## Exercise data:
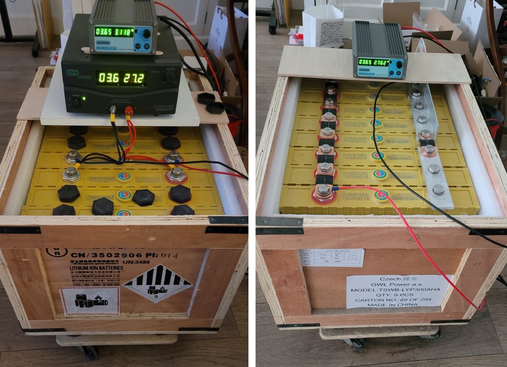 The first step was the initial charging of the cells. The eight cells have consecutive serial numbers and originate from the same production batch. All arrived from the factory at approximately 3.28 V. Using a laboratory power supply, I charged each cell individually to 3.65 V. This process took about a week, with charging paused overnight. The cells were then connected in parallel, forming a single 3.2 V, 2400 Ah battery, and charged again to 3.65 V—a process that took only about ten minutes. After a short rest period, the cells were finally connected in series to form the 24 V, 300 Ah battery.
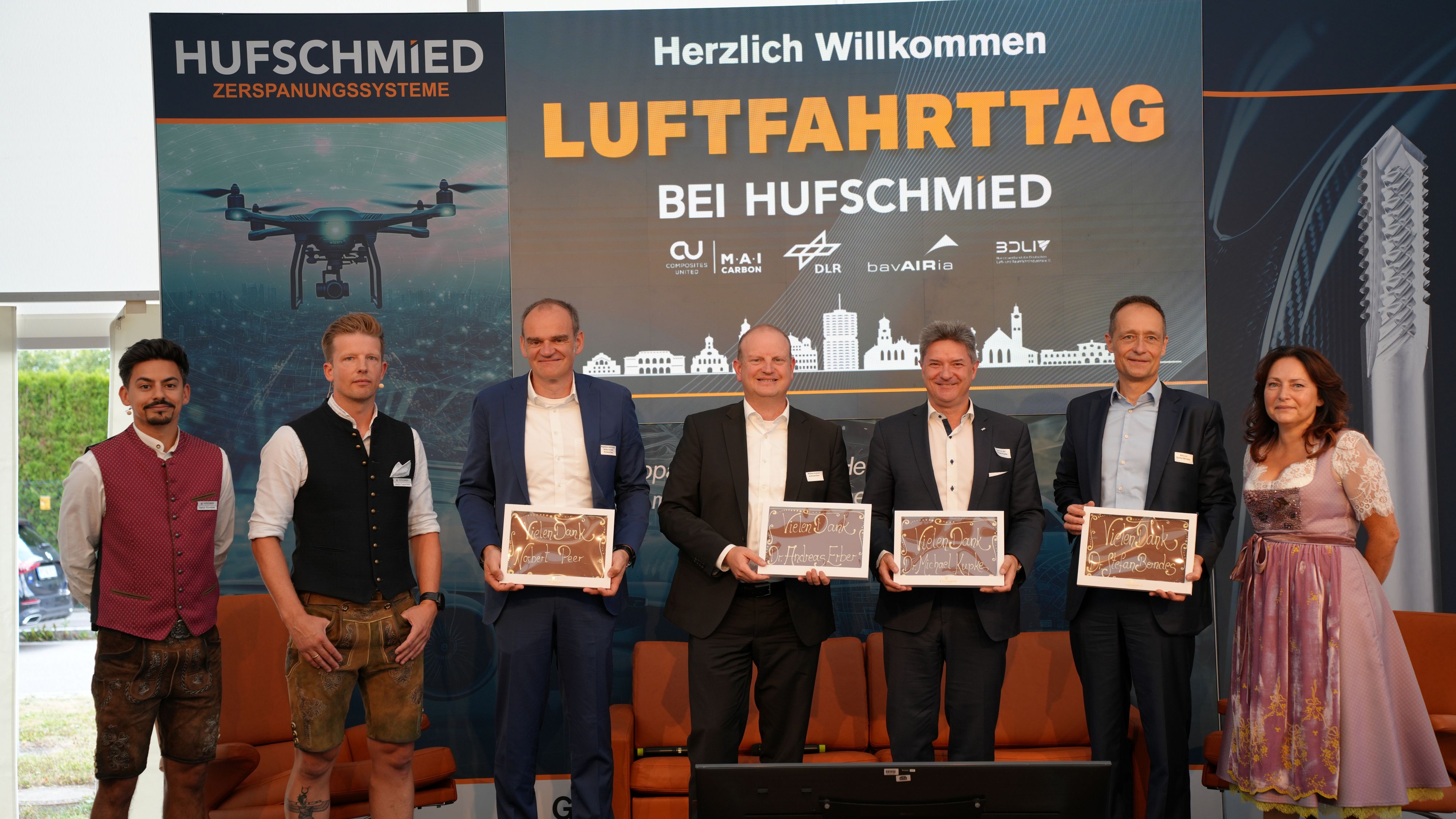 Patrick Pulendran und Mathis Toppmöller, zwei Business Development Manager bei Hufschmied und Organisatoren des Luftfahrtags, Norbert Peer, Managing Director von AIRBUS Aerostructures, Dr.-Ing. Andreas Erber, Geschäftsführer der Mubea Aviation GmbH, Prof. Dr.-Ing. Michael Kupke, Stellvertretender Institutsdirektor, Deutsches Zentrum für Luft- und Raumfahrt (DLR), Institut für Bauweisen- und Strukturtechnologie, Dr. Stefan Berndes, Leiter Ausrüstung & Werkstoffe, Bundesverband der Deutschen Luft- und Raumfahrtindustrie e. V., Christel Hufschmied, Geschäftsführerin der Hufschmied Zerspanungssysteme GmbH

==

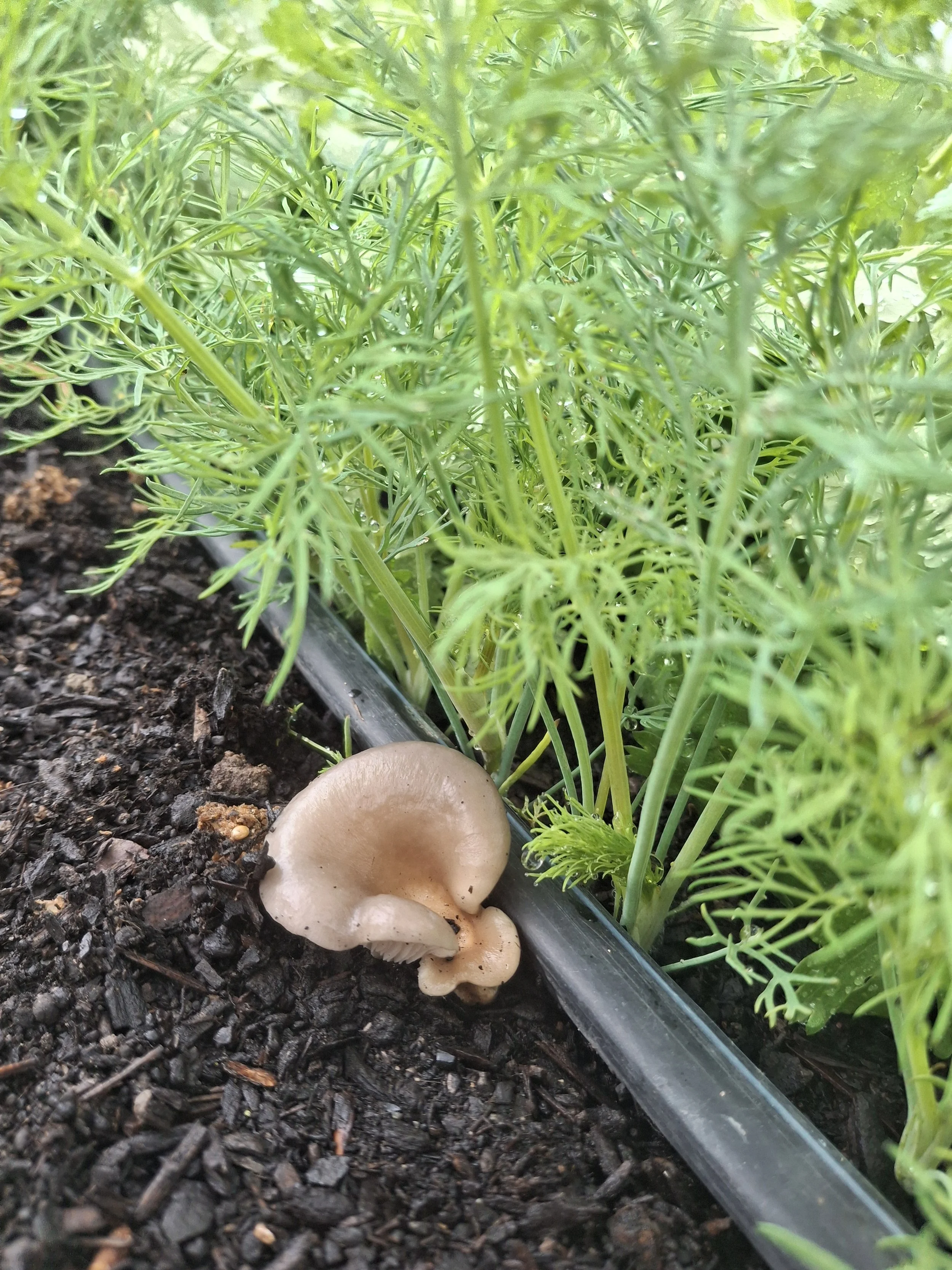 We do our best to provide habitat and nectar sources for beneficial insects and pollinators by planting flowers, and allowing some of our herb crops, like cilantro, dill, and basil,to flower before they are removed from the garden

## What the task requires:
Reproduce, word for word, everything in the listing above from the line containing "The first step" down to the line containing "Patrick Pulendran und", both of them included. No pictures.

## Answer to the problem:
 The first step was the initial charging of the cells. The eight cells have consecutive serial numbers and originate from the same production batch. All arrived from the factory at approximately 3.28 V. Using a laboratory power supply, I charged each cell individually to 3.65 V. This process took about a week, with charging paused overnight. The cells were then connected in parallel, forming a single 3.2 V, 2400 Ah battery, and charged again to 3.65 V—a process that took only about ten minutes. After a short rest period, the cells were finally connected in series to form the 24 V, 300 Ah battery.
 Patrick Pulendran und Mathis Toppmöller, zwei Business Development Manager bei Hufschmied und Organisatoren des Luftfahrtags, Norbert Peer, Managing Director von AIRBUS Aerostructures, Dr.-Ing. Andreas Erber, Geschäftsführer der Mubea Aviation GmbH, Prof. Dr.-Ing. Michael Kupke, Stellvertretender Institutsdirektor, Deutsches Zentrum für Luft- und Raumfahrt (DLR), Institut für Bauweisen- und Strukturtechnologie, Dr. Stefan Berndes, Leiter Ausrüstung & Werkstoffe, Bundesverband der Deutschen Luft- und Raumfahrtindustrie e. V., Christel Hufschmied, Geschäftsführerin der Hufschmied Zerspanungssysteme GmbH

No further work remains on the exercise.